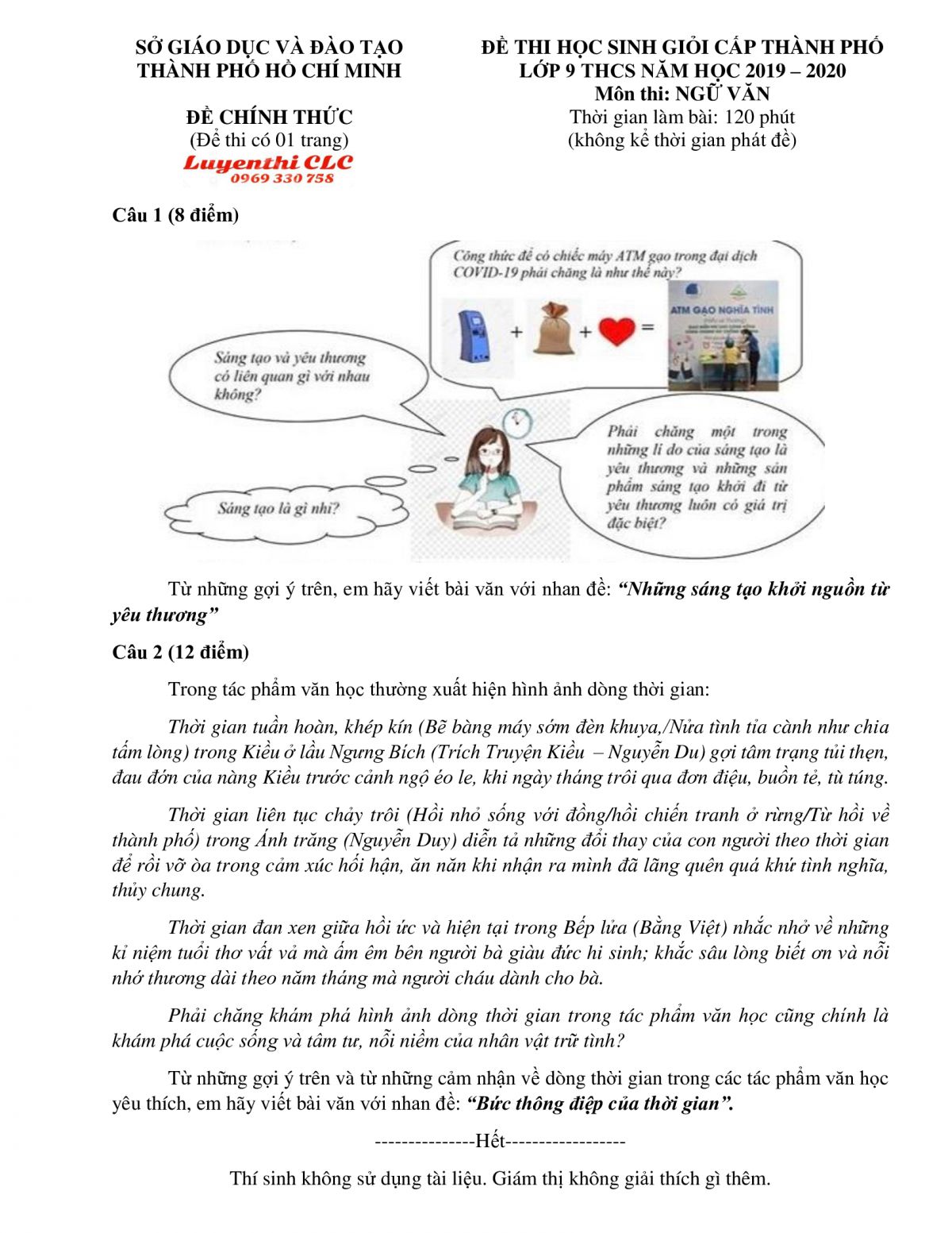 Đề thi chọn HSG môn Ngữ Văn lớp 9 huyện Văn Bàn, tỉnh Sơn La năm 2020
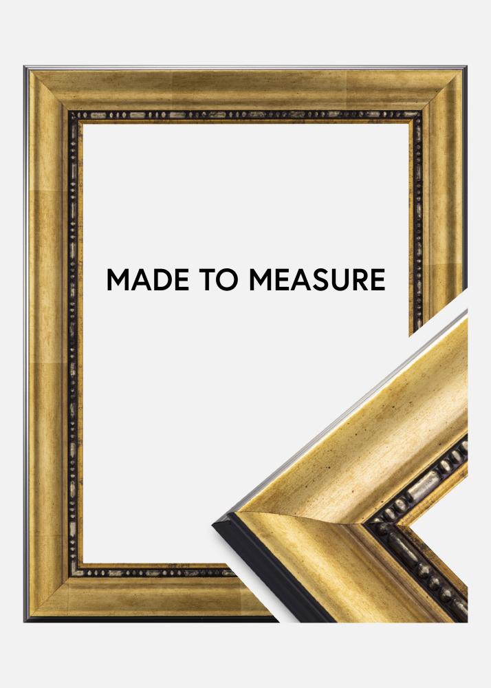 Klassischer Porträtrahmen für Fotos, die du besonders gerne magst. Der Bilderrahmen hat schwarze Seiten mit einer profilierten Goldfarbe auf der Vorderseite sowie Dekorationen an der Innenkante.
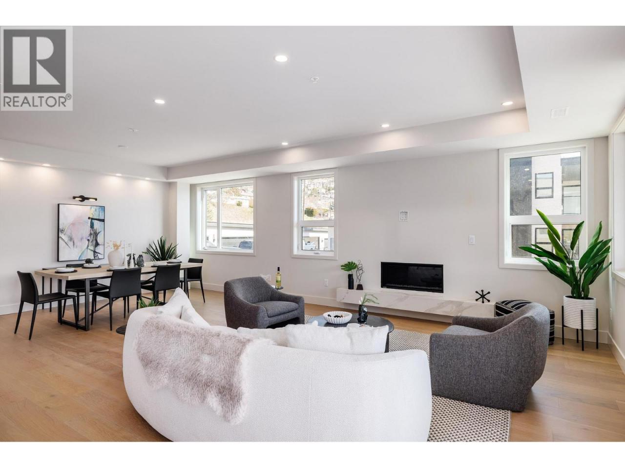 Welcome to McKay Grove, an exclusive collection of lakeview townhomes and condominiums set into the peaceful hillside of Peachland, just steps from Okanagan Lake, beaches, trails, and local shops. This level home has a private outside entrance and offers just under 1,900 sq ft of single-level living with 3 bedrooms and 2 bathrooms, designed for both comfort and function. From the moment you walk in, you’re greeted by warm, modern finishes and a bright, open layout, with expansive windows that fill the home with natural light and showcase stunning lake views. The main living area opens onto a massive covered private deck, creating a seamless indoor-outdoor space for relaxing, entertaining & taking in the beautiful views. Featuring the finest designer finishes, fixtures, and appliances, this home creates an unmistakable sense of comfort, welcome, and luxury. From engineered hardwood floors and Dekton-clad professional kitchens to Italian-imported custom millwork with integrated Fisher Paykel appliances, every detail has been carefully considered. Each home includes its own separate, secure full-size double garage with EV-ready rough in offering true convenience, storage, and peace of mind. Built with durable, low-maintenance materials & offering elevator access, visitor parking, & pet-friendly (2 pets allowed) , . McKay Grove is for the sophisticated buyer who wants better than average. This is a MUST SEE , Move-in ready and designed to make the most of Okanagan living. (id:6769)

▶ **ACTIVITY**
Since the pictures are not wanted, transcribe the rest of the listing above exactly.

▶ **OUTPUT FOR THIS EXERCISE**
 Đề thi chọn HSG môn Ngữ Văn lớp 9 huyện Văn Bàn, tỉnh Sơn La năm 2020
 Klassischer Porträtrahmen für Fotos, die du besonders gerne magst. Der Bilderrahmen hat schwarze Seiten mit einer profilierten Goldfarbe auf der Vorderseite sowie Dekorationen an der Innenkante.
 Welcome to McKay Grove, an exclusive collection of lakeview townhomes and condominiums set into the peaceful hillside of Peachland, just steps from Okanagan Lake, beaches, trails, and local shops. This level home has a private outside entrance and offers just under 1,900 sq ft of single-level living with 3 bedrooms and 2 bathrooms, designed for both comfort and function. From the moment you walk in, you’re greeted by warm, modern finishes and a bright, open layout, with expansive windows that fill the home with natural light and showcase stunning lake views. The main living area opens onto a massive covered private deck, creating a seamless indoor-outdoor space for relaxing, entertaining & taking in the beautiful views. Featuring the finest designer finishes, fixtures, and appliances, this home creates an unmistakable sense of comfort, welcome, and luxury. From engineered hardwood floors and Dekton-clad professional kitchens to Italian-imported custom millwork with integrated Fisher Paykel appliances, every detail has been carefully considered. Each home includes its own separate, secure full-size double garage with EV-ready rough in offering true convenience, storage, and peace of mind. Built with durable, low-maintenance materials & offering elevator access, visitor parking, & pet-friendly (2 pets allowed) , . McKay Grove is for the sophisticated buyer who wants better than average. This is a MUST SEE , Move-in ready and designed to make the most of Okanagan living. (id:6769)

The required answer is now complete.